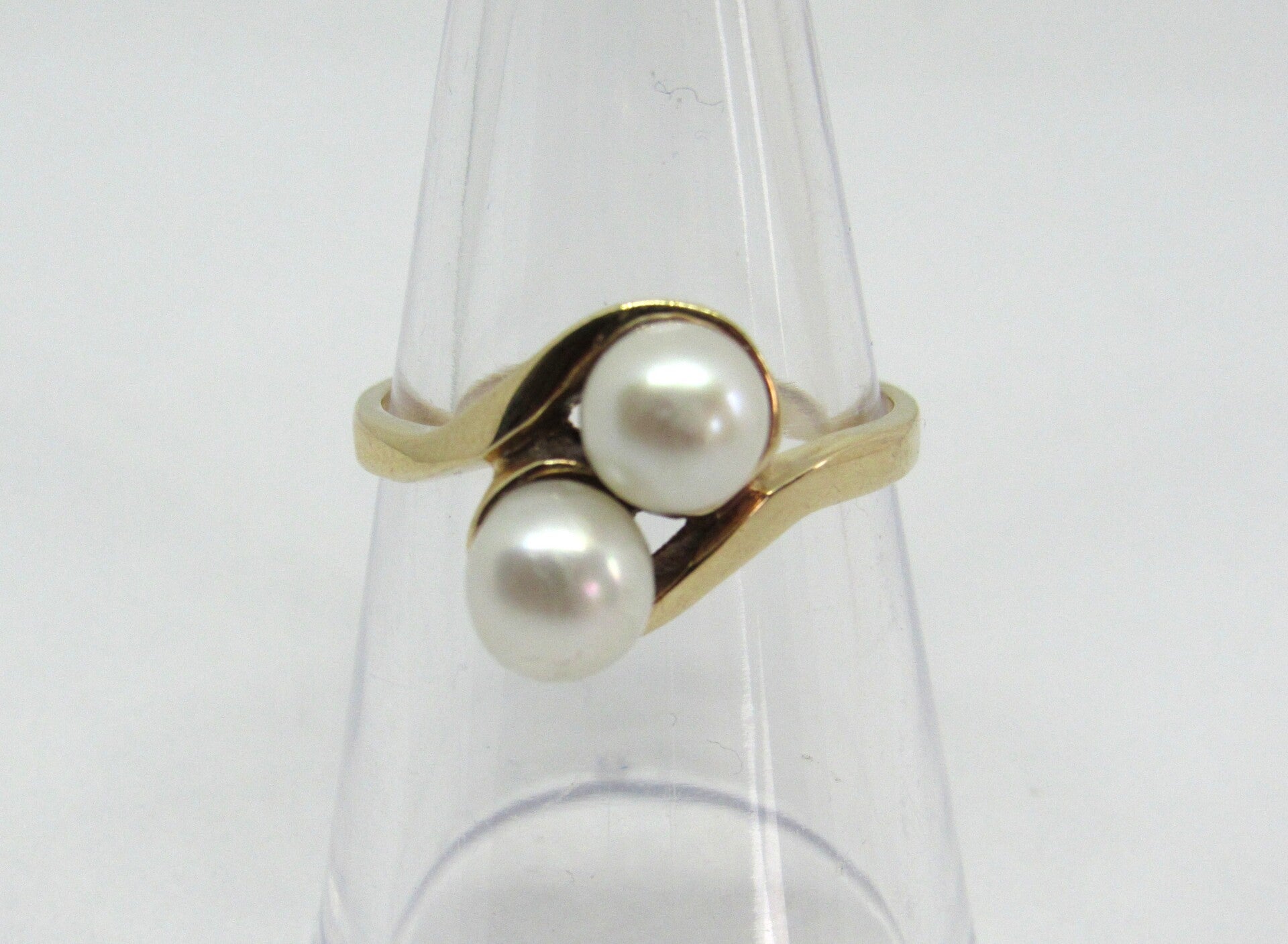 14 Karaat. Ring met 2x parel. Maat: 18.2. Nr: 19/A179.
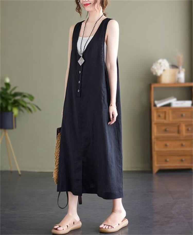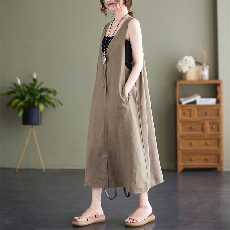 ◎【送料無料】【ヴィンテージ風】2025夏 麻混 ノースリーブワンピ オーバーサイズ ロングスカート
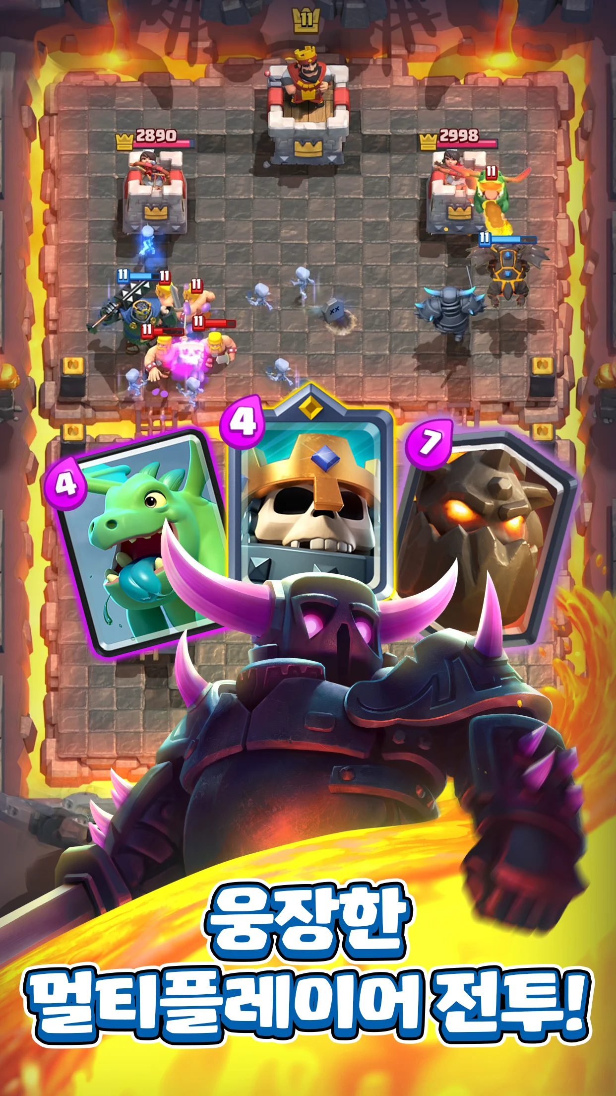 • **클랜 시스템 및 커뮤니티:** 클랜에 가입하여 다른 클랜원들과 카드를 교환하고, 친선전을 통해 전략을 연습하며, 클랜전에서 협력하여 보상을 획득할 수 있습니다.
#####
## Aim of the exercise
Please return the listing above exactly and leave every picture out.

## Task answer
 14 Karaat. Ring met 2x parel. Maat: 18.2. Nr: 19/A179.
 ◎【送料無料】【ヴィンテージ風】2025夏 麻混 ノースリーブワンピ オーバーサイズ ロングスカート
 • **클랜 시스템 및 커뮤니티:** 클랜에 가입하여 다른 클랜원들과 카드를 교환하고, 친선전을 통해 전략을 연습하며, 클랜전에서 협력하여 보상을 획득할 수 있습니다.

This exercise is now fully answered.